Мы ждали. Мимо неторопливо и самоуверенно прошли два полицейских с короткими двуручными автоматами. Потом девушка в темно-синей форме прокатила мимо нас инвалидную коляску с пожилой женщиной, евшей мороженое. Какой-то мужичок, судя по шляпе и плащу, наш соотечественник, протащил коробку с видеомагнитофоном, и вся группа, кроме товарища Бурова, одновременно завистливо вздохнула. Вернулся Поэт-метеорист.

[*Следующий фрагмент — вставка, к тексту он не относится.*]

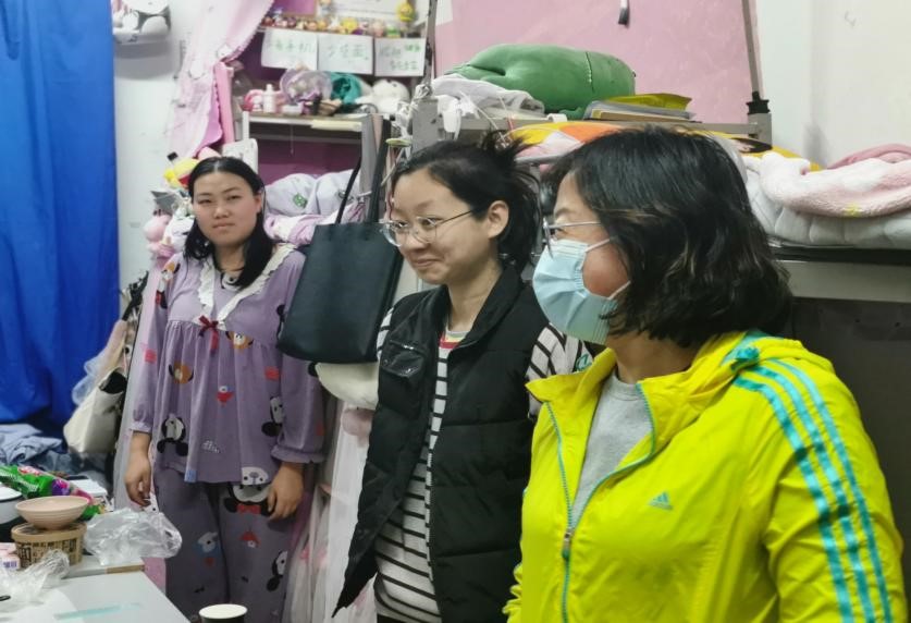 走访过程中,范庆华深入了解学生们的封校线上授课期间的学习生活情况,并解答大家遇到的问题和疑惑,逐一对宿舍里可能存在的安全隐患进行了排查。她强调疫情防控期间更要注意寝的整洁卫生、通风换气等问题,为自己和他人提供良好的学习生活环境。提醒大家在公共场合佩戴口罩,合理分配好时间,劳逸结合,适当进行户外运动。她与毕业生进行了亲切地交流,询问大家就业去向和意向,各处个性化的建议和意见,并叮嘱大家要先就业、再择业。
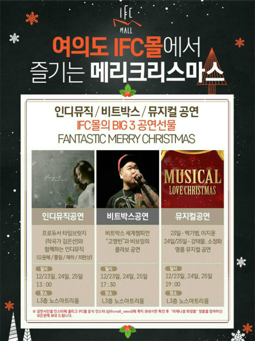 가수 오윤혜, 프로듀서 타임브릿지, 비트박스 세계 챔피언 고영빈, 뮤지컬 스타들이 IFC몰에서 크리스마스의 즐거움이 더하는 공연을 갖는다.
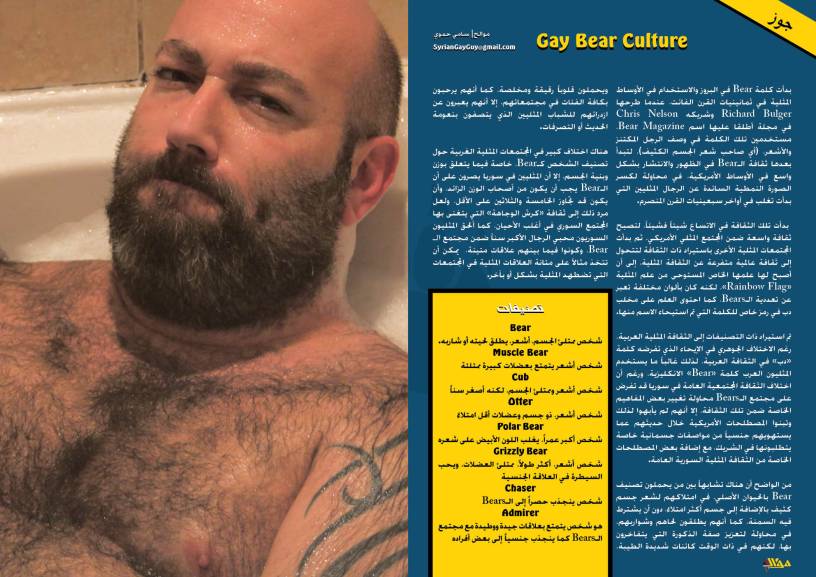 أماكن تجمعهم في سوريا: إنهم في كل مكان… حيثما تلتفت، تجد «Bear»… في المقاهي، في الحانات، في البارات، وفي أماكن التجوال المثليّ، قد يعتزلون بقية المثليين مكونين دائرتهم الخاصة التي تجمعهم، فتدخل إلى مقهى لتجدهم يجلسون على طاولة يعتزلون فيها الآخرين، كما أن لهم حمامهم الخاص بهم، وكانت لديهم حفلات خاصة، مخصصة لهم ولمحبيهم… بشكل عام، ينطبق تصنيف «Bear» على معظم الرجال السوريين، غيريين أو مثليين، حتى لتظنّ أن «كرش الوجاهة» هو أحد شروط الجنسية السورية.

На его лице было написано такое счастье, какого не может дать удовлетворение даже самой настоятельной физиологической потребности.

– Хлебнул-таки! – догадалась Пейзанка.

– А то!

– А где конвойный! – спросил Спецкор.

– Пропил! – засмеялся Поэт-лауреат.

– А серьезно?

– Не знаю… Он сказал, что у него большие планы, и заперся в кабинке.

– Нашел время…– пробурчал товарищ Буров. На огромном электронном табло напротив номера нашего рейса запрыгали два зеленых огонька. Затем слово «Москва» я разобрал в гулкой тарабарщине радиодиктора, объявлявшего о посадке в самолеты.

– Пошли на паспортный контроль! – распорядился товарищ Буров.

– А этот? – спросил Спецкор.

– Куда он денется?

Пограничник заглянул в мой молоткастый и серпастый, поставил штамп и сказал: «Привьет!» Постепенно вся группа прошла контроль и столпилась в ожидании товарища Бурова и Спецкора, которые не торопились покидать зарубежье.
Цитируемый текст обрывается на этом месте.